_Source material_.
--- START ---
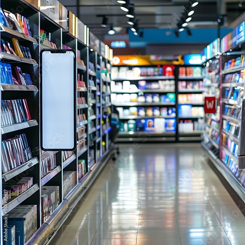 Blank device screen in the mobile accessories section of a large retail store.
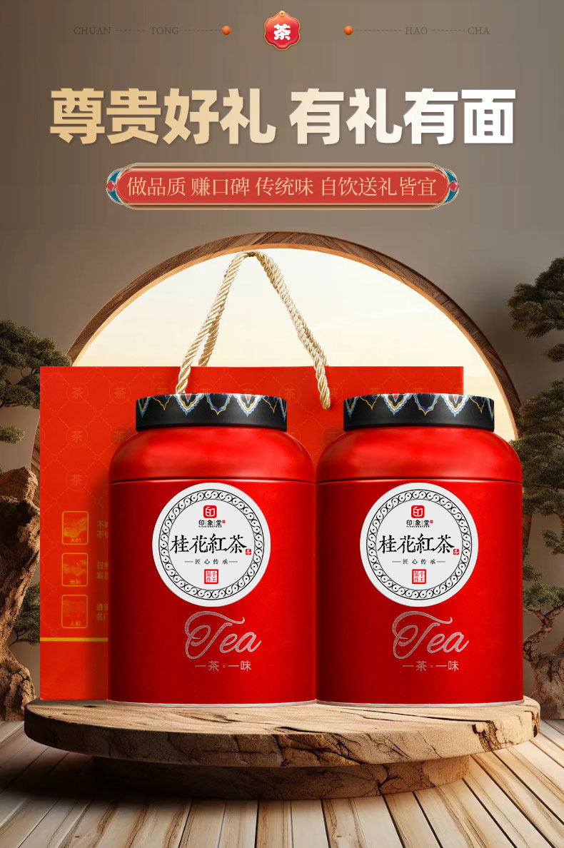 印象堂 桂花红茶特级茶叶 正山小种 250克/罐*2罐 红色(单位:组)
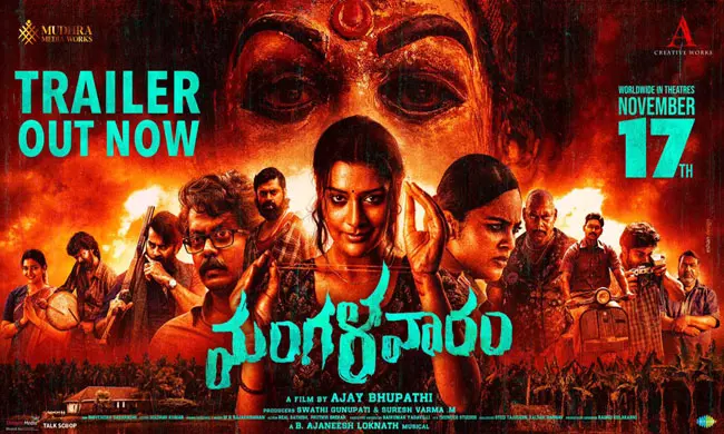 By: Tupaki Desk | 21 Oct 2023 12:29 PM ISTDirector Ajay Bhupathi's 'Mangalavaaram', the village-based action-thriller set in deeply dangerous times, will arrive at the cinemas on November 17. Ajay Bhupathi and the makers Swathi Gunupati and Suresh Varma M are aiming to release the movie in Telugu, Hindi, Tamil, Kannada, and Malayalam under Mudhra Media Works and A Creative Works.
--- END ---
--- START ---
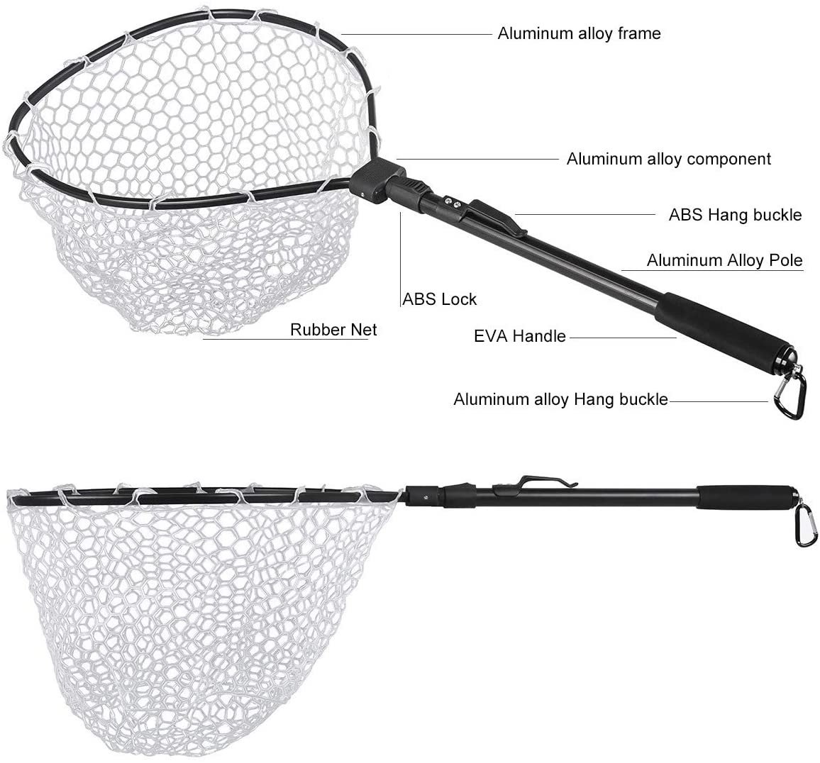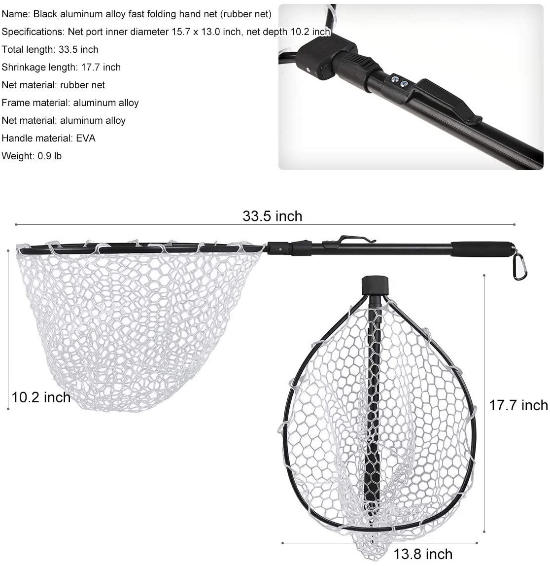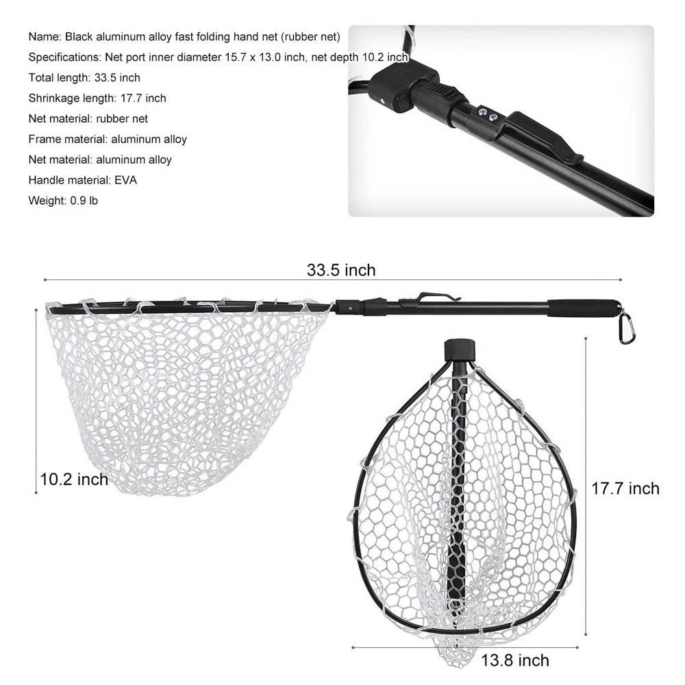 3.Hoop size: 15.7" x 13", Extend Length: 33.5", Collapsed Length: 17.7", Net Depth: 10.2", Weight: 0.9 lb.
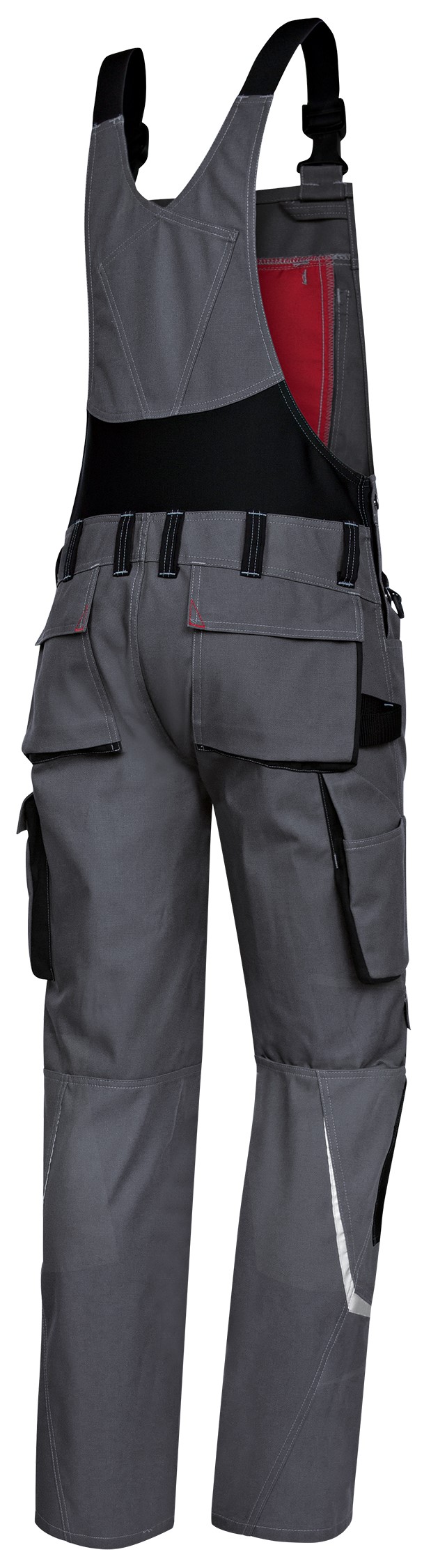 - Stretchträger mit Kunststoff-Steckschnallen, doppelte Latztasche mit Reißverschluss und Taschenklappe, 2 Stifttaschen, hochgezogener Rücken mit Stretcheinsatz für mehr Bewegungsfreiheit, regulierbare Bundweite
--- END ---
_Activity_.
In the data above, find the line containing "印象堂 桂花红茶特级茶叶 正山小种 250克/罐*2罐 红色(单位:组)" and the line containing "By: Tupaki Desk". Repeat those two lines and everything between them exactly, minus the pictures.

_Written answer_.
 印象堂 桂花红茶特级茶叶 正山小种 250克/罐*2罐 红色(单位:组)
 By: Tupaki Desk | 21 Oct 2023 12:29 PM ISTDirector Ajay Bhupathi's 'Mangalavaaram', the village-based action-thriller set in deeply dangerous times, will arrive at the cinemas on November 17. Ajay Bhupathi and the makers Swathi Gunupati and Suresh Varma M are aiming to release the movie in Telugu, Hindi, Tamil, Kannada, and Malayalam under Mudhra Media Works and A Creative Works.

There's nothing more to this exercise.